C-Suite

Audi to slash 10,000 jobs to cut costs

German automaker Audi is cutting 10,000 jobs in Germany to save cost up to $6.6 BN. The premium carmaker, part of Volkswagen Group, said the cuts would be made over the next six years and come through workforce turnover and enhanced retirement packages.

At the same time as eliminating jobs, Audi said it would create up to 2,000 new positions as it hires people to work on electric vehicles and related digital projects.

The news of Audi cutting jobs comes less than a fortnight after Daimler said it would cut more than 1,000 jobs by the end of 2022.
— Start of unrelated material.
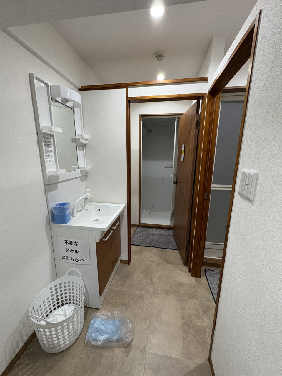 シャワー室が同階にあってキレイでした。サーモ付き水栓で便利だがワンタッチレバーで吐水が制限され少し不便でした

Earlier this year, another German carmaker Volkswagen announced to cut about 7,000 jobs to by 2023 to lower operating costs by $6.6 BN. It was also revealed that most of the job cuts are expected to be carried out through retirement offers. It was estimated that 11,000 Volkswagen employees would be eligible for retirement in 2019. At the same time, the company plans to add 2,000 jobs in research and development.

The car industry is facing a downturn in key markets, including China, as well as increased costs as it meets more stringent European Union emissions regulations and the costly switch to electric vehicles. Audi saw falling sales, revenues and operating profits in the first nine months of 2019.
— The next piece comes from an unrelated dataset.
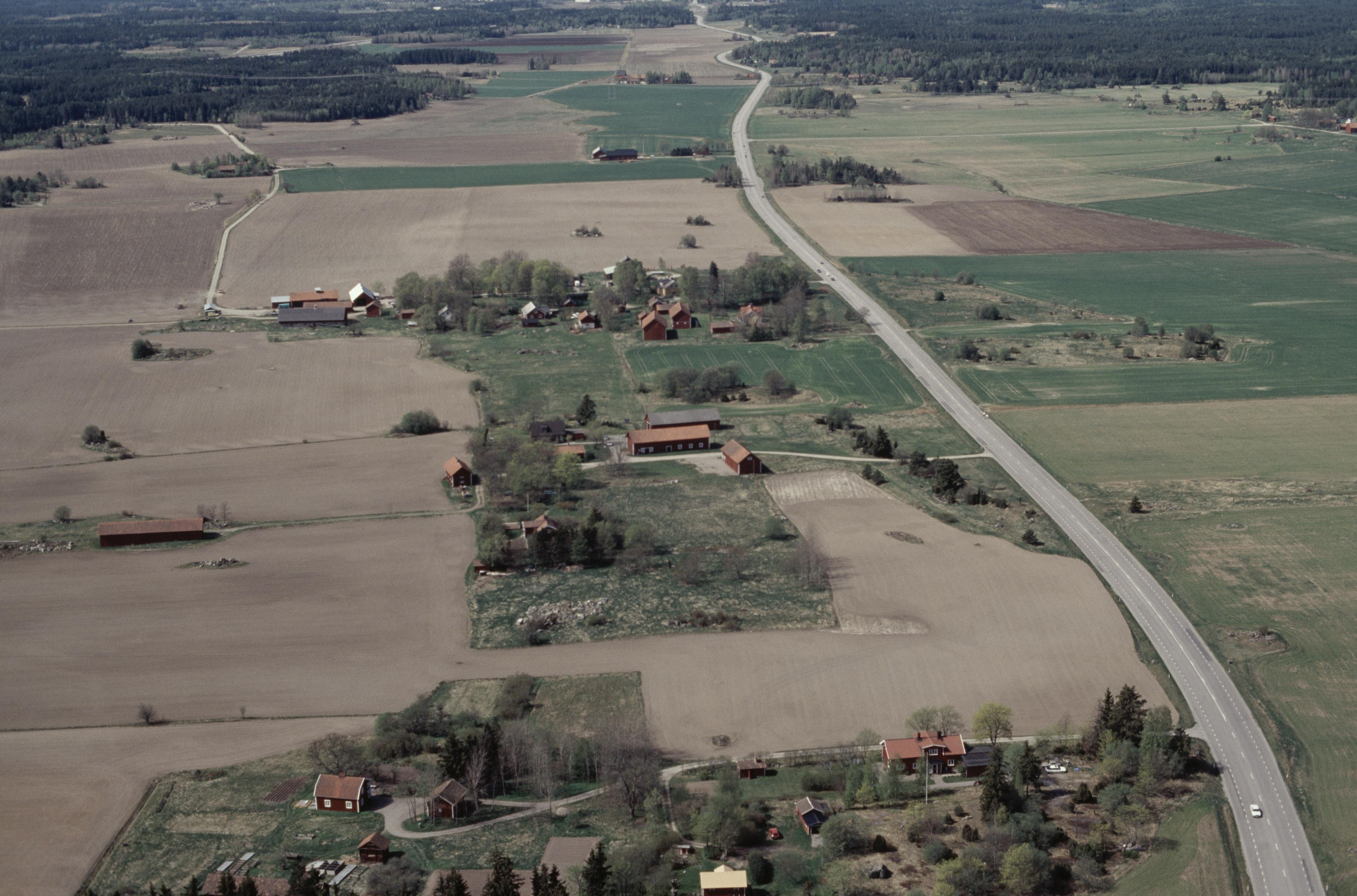 Beskrivning: Östra Vällinge by i bildens nedre del. Vid bildens mitt Västra Vällinge by med bl.a. hällristning RAÄnr Litslena 430:1. Till höger gamla väg E18 mot Enköping. Bilden är tagen mot (väderstreck): VSV

It is not just German carmakers that are facing sluggish growth. Car parts suppliers Bosch and Continental have announced thousands of job cuts. German car part supplier, Brose this November announced to cut 2,000 jobs in Germany over the next three years due to a slump in earnings. In September, Last month, German supplier Continental said it would cut jobs and close plants over the next ten years as it faces a slowing global auto sector.
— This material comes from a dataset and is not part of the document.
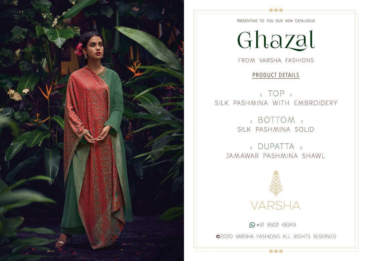 Buy Online Varsha Ghazal Pashmina Suits Supplier 8 Pcs of Full Catalogue at Wholesale Price. Looking for Varsha Ghazal Pashmina Suits Supplier Full Catalouge at Best Price? Buy Now Varsha Ghazal Pashmina Suits Supplier at Wholesale Rate of Rs 15840 with Total 8 Pcs from authroized dealer and supplier of BRAND'S Brand. Cost of Each piece is just only Rs 1980 which is very low and affordable price to resale the product in your retail store ,This is Surat based Wholesale Supplier & Dealer of BRAND'S Brand. Click on Brand name to Know more about BRAND'S Brand's products.Call or Whatsapp on 9898838984 for booking or enquiry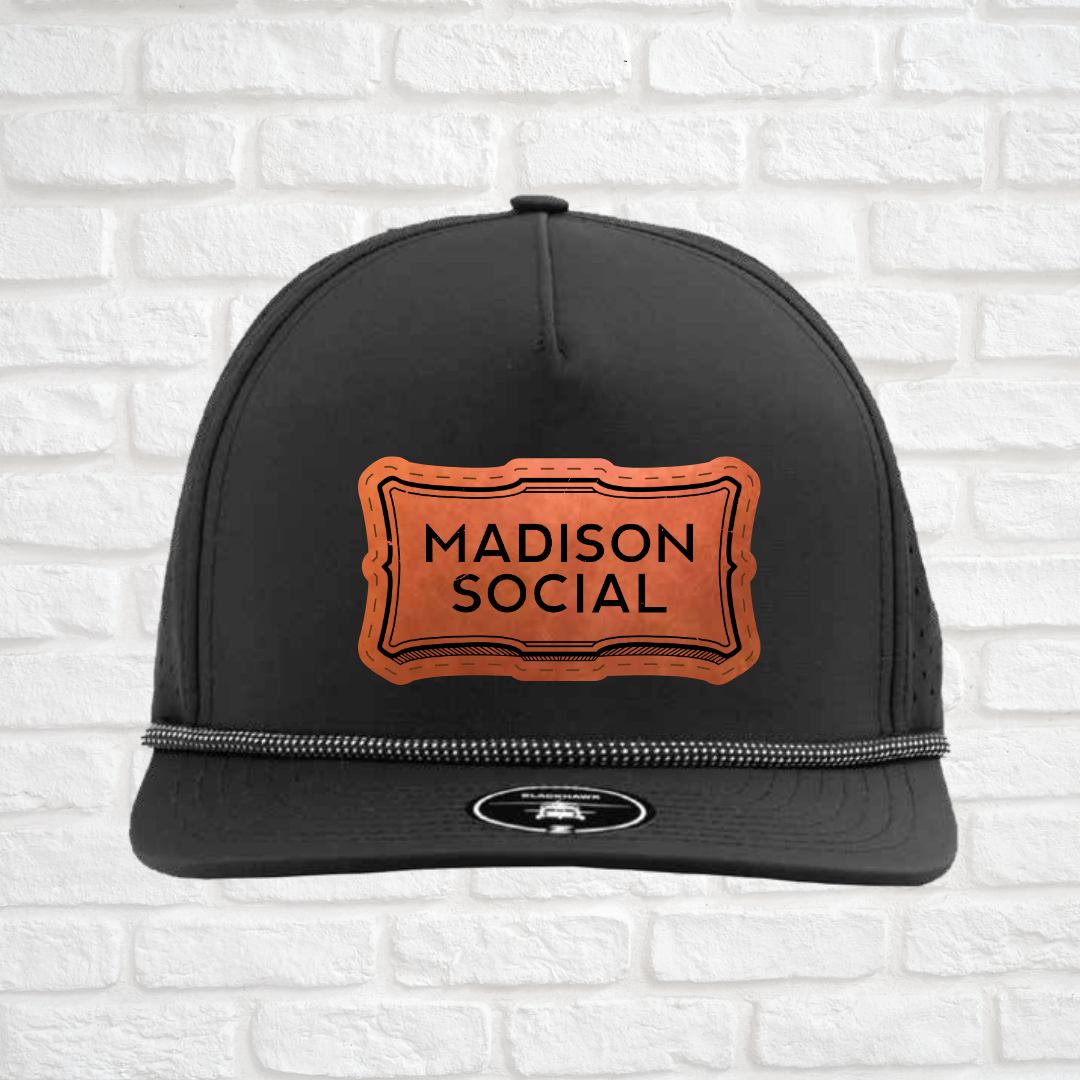 Madison Social logo laser engraved brown leather patch on black hat with chainlink rope on brim

The health of the car industry is critical to Germany’s economic strength. It sustains 820,000 jobs domestically, produced total revenues of 423 BN euros in 2017 and contributes around 5 percent to German GDP. More than 77 percent of the cars produced in Germany are exported. But the industry is in trouble, hurt by trade tensions and the slowdown in China, its biggest market. Passenger vehicle sales there fell four percent to 23 million last year, and sales have continued to decline this year, dropping 14 percent in the first half.